Thursday, September 03, 2015

More Bedside Listening

John Carter & Bobby Bradford Quartet: Flight for Four (Flying Dutchman) This album has been sitting on my "to listen to" pile and I finally got around to it. Mark Weber put me onto this quartet and I'm glad he did (Mark recently posted on John Carter here).

Sal Mosca: The Talk of the Town - Live at the Bimhaus (Sunnyside) This 2CD set of live solo piano from 1992 released earlier this year is an absolute gem. Wonderfully recorded, the album has a very intimate feel - it's almost as if you are a fly-on-the-wall in Sal's studio. Be on the lookout for more Mosca - I understand a box set is due out towards the end of the year. Hopefully these releases will bring more attention to a very underrated pianist.

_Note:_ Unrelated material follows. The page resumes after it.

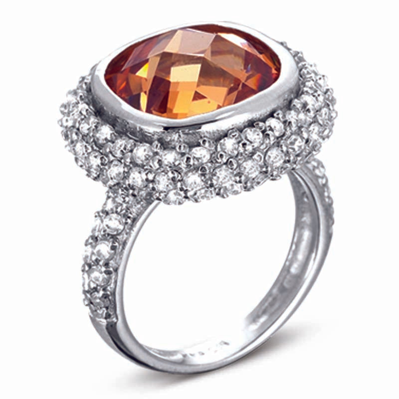 A wow piece! Stunning sterling silver ring with square cubic zirconia champagne center and genuine cz stones. Available in sizes 5-9.

Dizzy Gillespie: Perceptions (Verve) Earlier in the year I was checking out recordings associated with the Third Stream and I came across Perceptions. The music was written by J.J Johnson and Gunther Schuller conducts a brass ensemble, harps and rhythm section as they back Gillespie. The suite showcases the lyrical side of Dizzy's playing that many don't associate with him (myself included). I finally found a copy in August (at the Jazz Record Mart) and over the past month it has been getting some airtime.

Sonny Rollins: Rollins Meets Hawk! (RCA) I hadn't listened to this album for years and I have to say I've really enjoyed getting back into it. I first heard this album back in '99 when Norman Meehan played it to our jazz history class, not really for Sonny & Hawk, but for Paul Bley (check out Norm's book with Bley - Time Will Tell). Bley is outstanding and although I know people who don't really dig Rollins' here, I'm enjoying it. A bunch of live Rollins quartet recordings with Don Cherry are now available and I'm looking forward to checking them out (eventually!).

Thelonious Monk: Brillant Corners (Riverside) I have been learning a few of Monk's melodies and this was one of the recordings I listened to while working on "Pannonica." This may well be my favourite Monk album. Another album I hadn't listened to for ages and I had forgotten how much I enjoyed Ernie Henry's contribution on alto.